*** Opening DATA SECTION ***

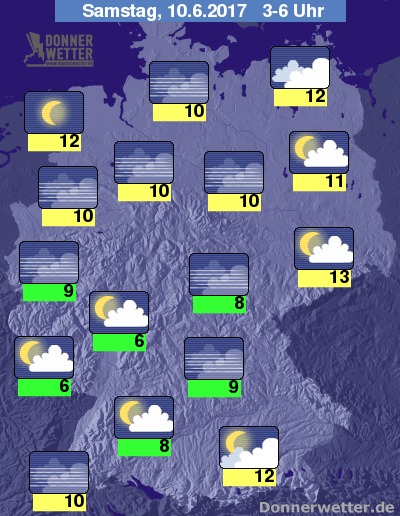 In der kommenden Nacht halten sich über der Osthälfte anfangs meist noch dichte Wolken, sie ziehen mit Schauern und möglichen Gewittern jedoch immer weiter nach Osten ab und zum Morgen hin bilden sich nur noch in den östlichsten Landesteilen mögliche Schauer und vereinzelt noch Gewitter. Im übrigen Bundesgebiet klart der Himmel verbreitet auf oder es ist noch locker bewölkt, dabei bleibt es trocken. Die Temperatur sinkt auf 13 Grad in Dresden und etwa 6 Grad am Pfälzer Wald.
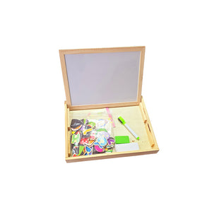 • والوجه الآخر للسبورة المغناطيس سبورة طباشير يستطيع الطفل الكتابة عليها
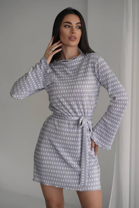 Платье из высококачественного фактурного турецкого материала. Комплектуется поясом.Подойдет под любой образ ✅ ▫️Модель 842 ▫️Тканина трикотаж гофре ▫️Цвет малина,серый ▫️Размер универсальный ▫️Цена 820 грн ▫️Замеры ▫️Грудь 88-95 ▫️Талия 60-80 ▫️Бедра 90-100 ▫️Рукав 62 ▫️Длина 87 51
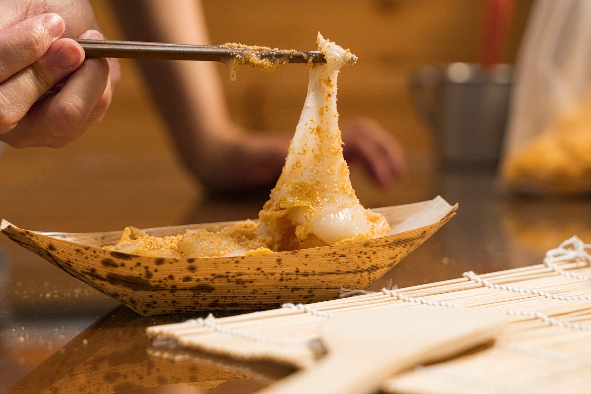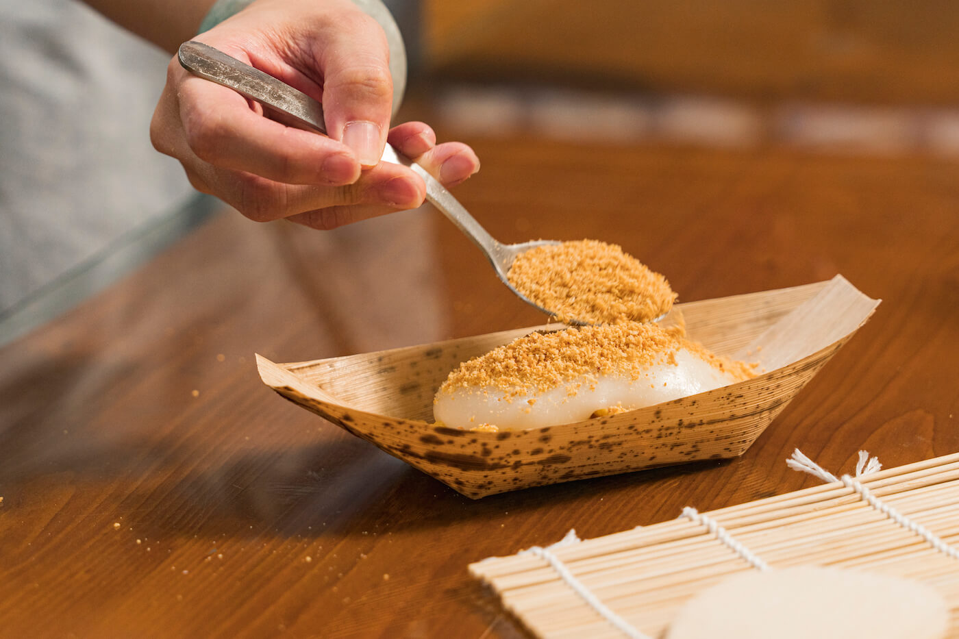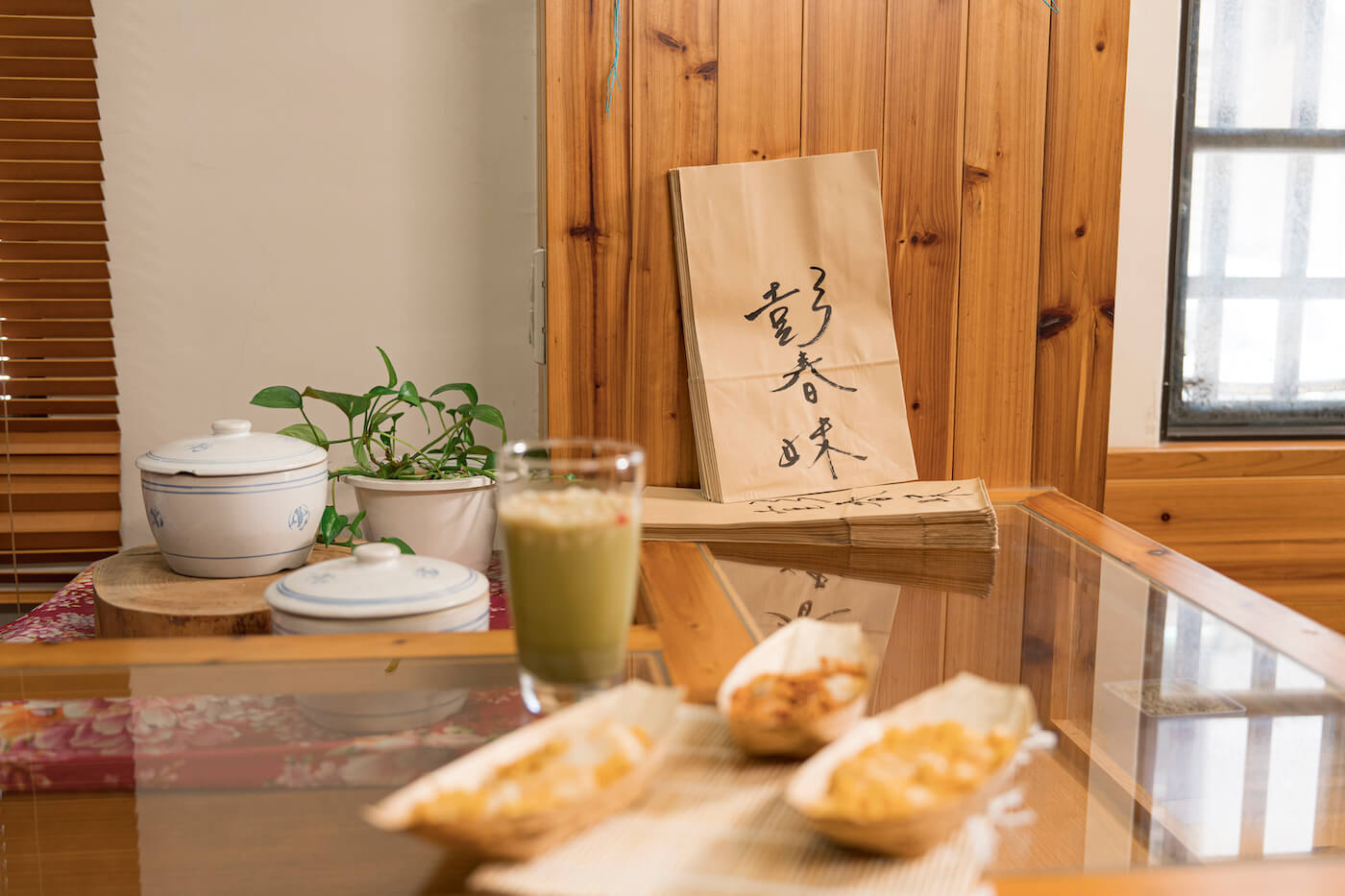 掛心客人們烈日下長時間的等待,於是兩年前在攤車不遠處租了前身為藝品店的店面,保留原本的木製櫥櫃與桌椅,顧客能在這裡搶先吃上一口熱騰騰剛出籠的麻糬,讓常民點心頓時多了一分儀式感。

*** Closing DATA SECTION ***

_EXERCISE_
Print the listing exactly, minus any pictures.

_FINISHED EXERCISE_
 In der kommenden Nacht halten sich über der Osthälfte anfangs meist noch dichte Wolken, sie ziehen mit Schauern und möglichen Gewittern jedoch immer weiter nach Osten ab und zum Morgen hin bilden sich nur noch in den östlichsten Landesteilen mögliche Schauer und vereinzelt noch Gewitter. Im übrigen Bundesgebiet klart der Himmel verbreitet auf oder es ist noch locker bewölkt, dabei bleibt es trocken. Die Temperatur sinkt auf 13 Grad in Dresden und etwa 6 Grad am Pfälzer Wald.
 • والوجه الآخر للسبورة المغناطيس سبورة طباشير يستطيع الطفل الكتابة عليها
 Платье из высококачественного фактурного турецкого материала. Комплектуется поясом.Подойдет под любой образ ✅ ▫️Модель 842 ▫️Тканина трикотаж гофре ▫️Цвет малина,серый ▫️Размер универсальный ▫️Цена 820 грн ▫️Замеры ▫️Грудь 88-95 ▫️Талия 60-80 ▫️Бедра 90-100 ▫️Рукав 62 ▫️Длина 87 51
 掛心客人們烈日下長時間的等待,於是兩年前在攤車不遠處租了前身為藝品店的店面,保留原本的木製櫥櫃與桌椅,顧客能在這裡搶先吃上一口熱騰騰剛出籠的麻糬,讓常民點心頓時多了一分儀式感。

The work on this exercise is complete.